Despite huge experimental efforts we don’t know what constitutes the dark matter in the Universe. An interesting candidate for dark matter is provided by black holes formed in the early Universe from large quantum fluctuations. The possibility for the existence of these primordial black holes was suggested by Stephen Hawking in 1970, and in 1974 he  showed that black holes lose mass by emitting particles. The Hawking evaporation process implies that very light primordial black holes would have disappeared by today. Yet, the evaporation of such light primordial black holes soon after their formation in the early Universe can have generated dark matter or the evaporation may have stopped around the Planck scale leaving stable relics that could constitute the dark matter.
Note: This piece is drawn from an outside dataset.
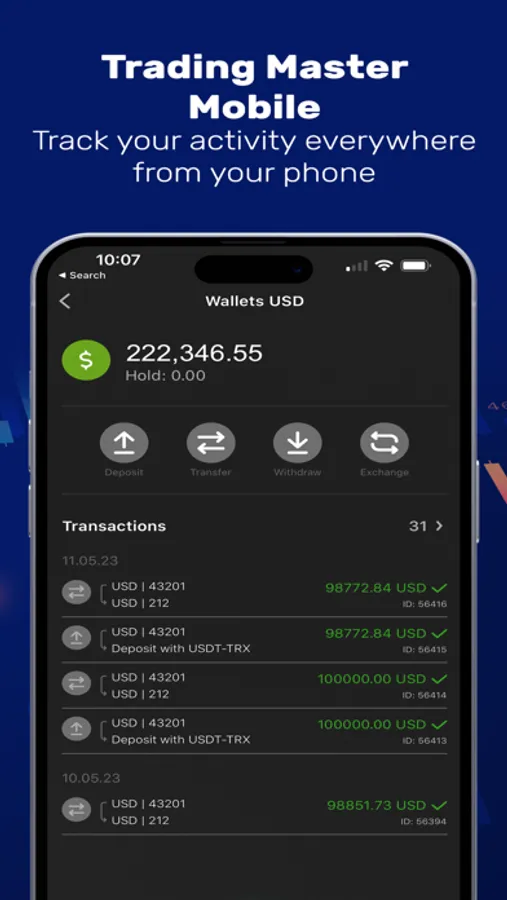 Introducing The Trading Master Mobile - The all-in-one mobile app for your storage, withdrawals and viewpoint of all your accounts from The Trading Master Forex Broker. A mobile app that provides Dashboard with all the key information, fast deposits, withdrawals, transfers, and accounts opening. You can secure your app with 2FA upon entrance. This and many more features are included!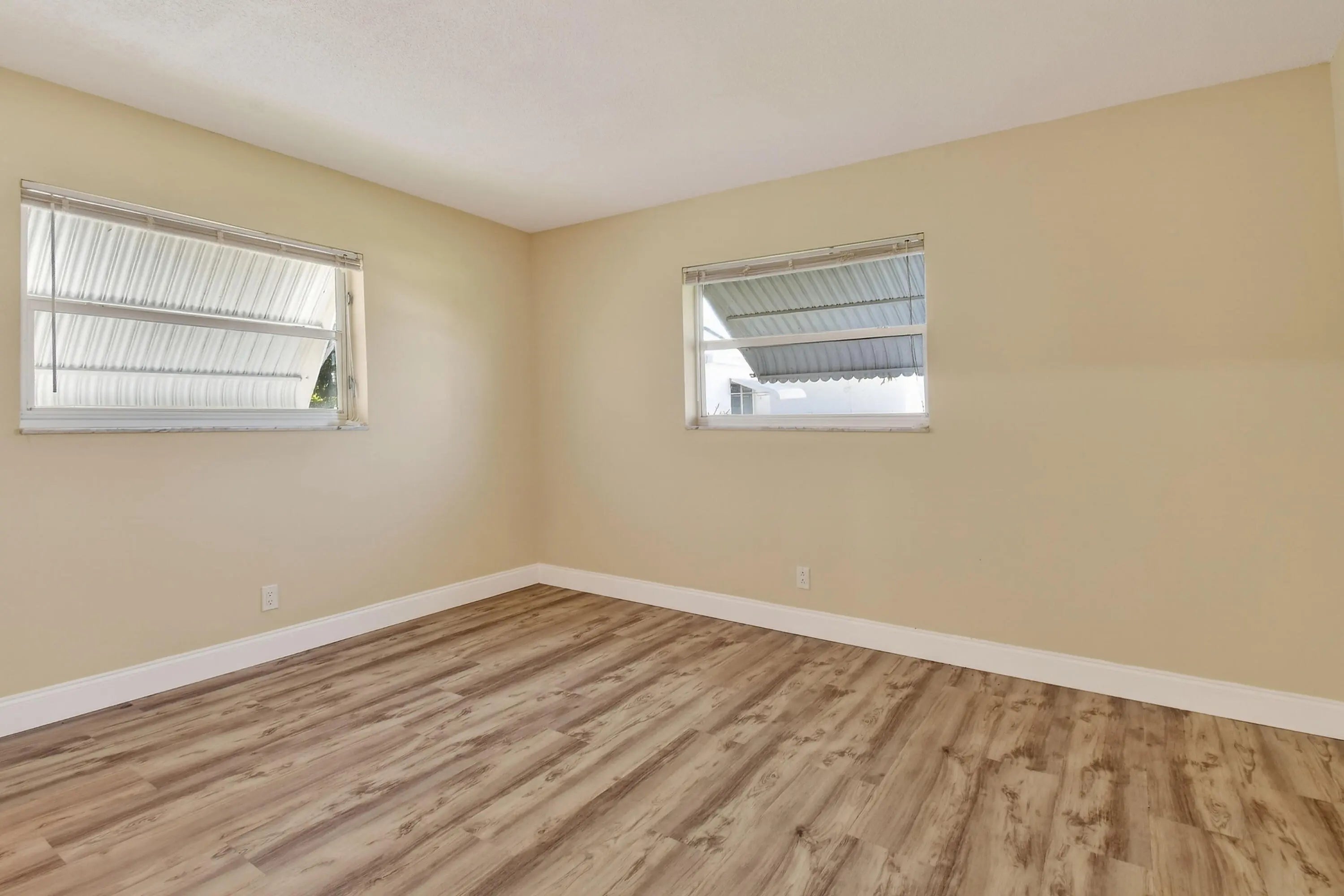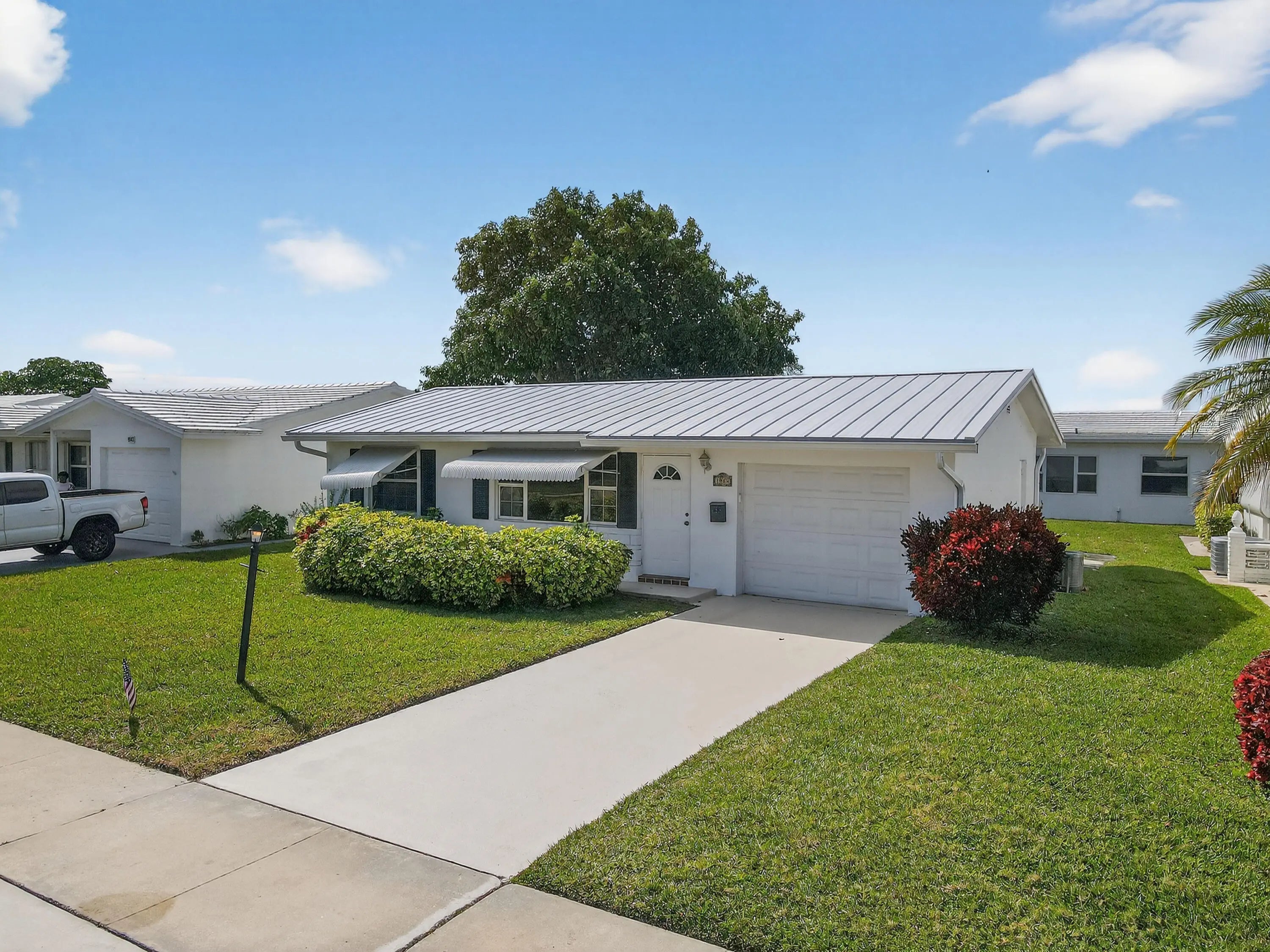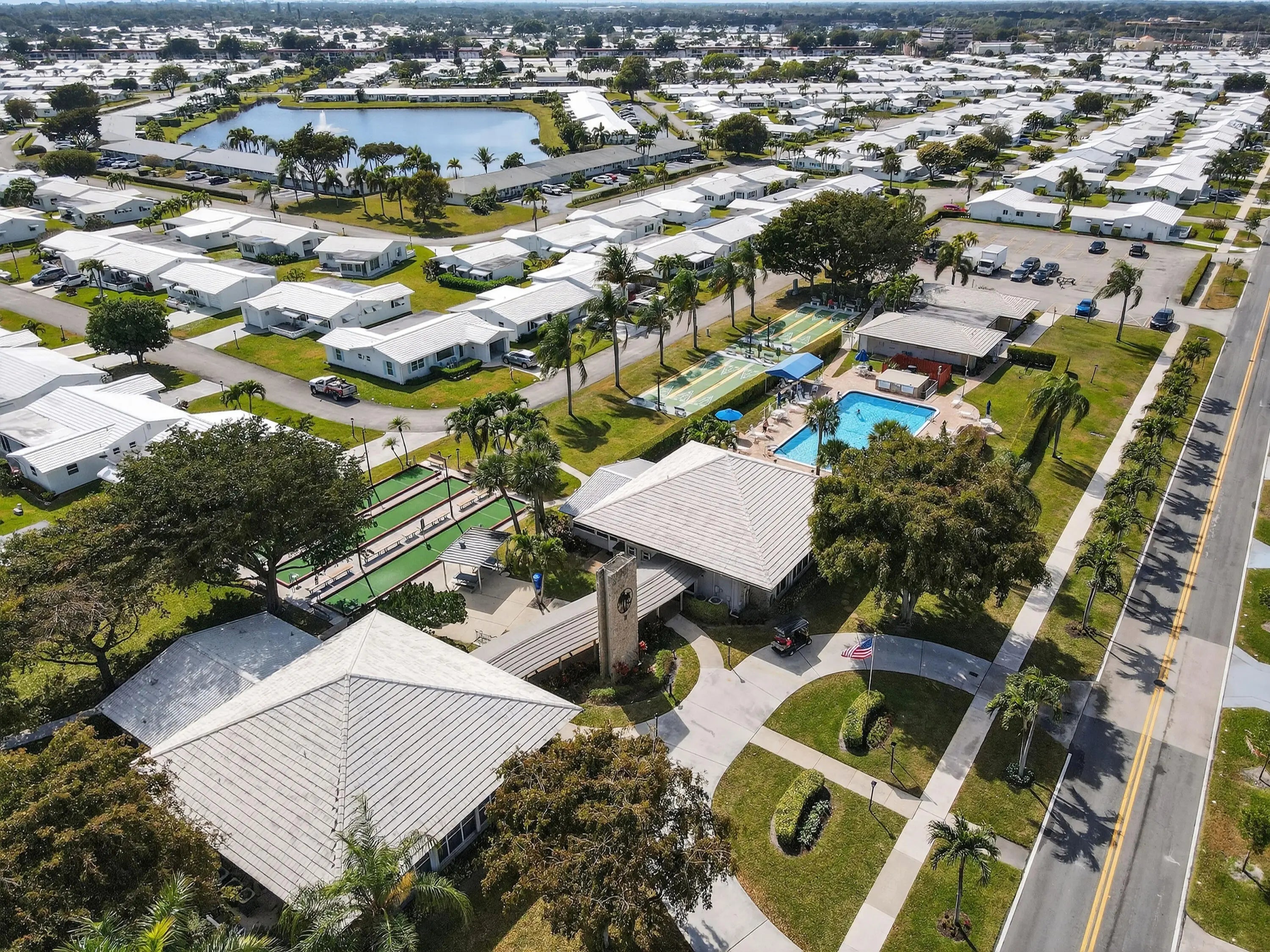 Beautifully maintained single family 2BR/1BA home with flexible bonus area in desirable Palm Beach Leisureville adult community. Investor friendly! Bonus space can easily convert to a 3rd bedroom, den, or office. Features include brand-new roof and A/C, new laminate & tile flooring throughout, washer/dryer hookups, attached 1-car garage, and extended freshly painted driveway. Enjoy private patio and yard space perfect for relaxing or entertaining. Palm Beach Leisureville offers free golf on a par-3 course, three heated pools, clubhouses, and an active social calendar. Minutes to beaches, shopping, dining, transportation, and major roadways. Easy to show.

The abundance of primordial black holes is constrained by various astrophysical observations. Across a broad range of primordial black hole masses, the possibility that they constitute all dark matter is excluded by searches of events where the target star looks brighter than usual as a black hole passes between us and the star magnifying its brightness through gravitational lensing. Another constraint arises from Hawking evaporation: The abundance of primordial black holes lighter than asteroids is constrained by searches of electromagnetic signals that we would expect to see from their evaporation. 

The abundance of asteroid mass primordial black holes still remains unconstrained. Moreover, there are no constraints on the existence of very light primordial black holes that evaporated right after their formation. Testing the scenario where dark matter consists of asteroid mass primordial black holes or evaporation products of very light primordial black holes is challenging. The most promising way is through the cosmological signatures related to the formation of primordial black holes. 

The formation of primordial black holes is accompanied by a gravitational wave background that has a particular spectrum. While the gravitational wave signals seen thus far by the LIGO-Virgo detectors are short duration transient signals from mergers of black holes or neutron stars, these experiments can also probe the gravitational wave background. 

Researcher Ville Vaskonen together with his colleagues at the Institut de Física d'Altes Energies and King’s College London recently performed a search of gravitational wave signatures of primordial black hole formation in the LIGO-Virgo data. The search showed no evidence for such signatures and resulted in new constraints on the amplitude of quantum fluctuations in the early Universe. In addition, the analysis showed that in near future the LIGO-Virgo detectors and the next generation gravitational wave detector called Einstein Telescope will be able to probe the formation of light primordial black holes, thus testing the scenario where they, or their evaporation products, constitute the dark matter in the Universe.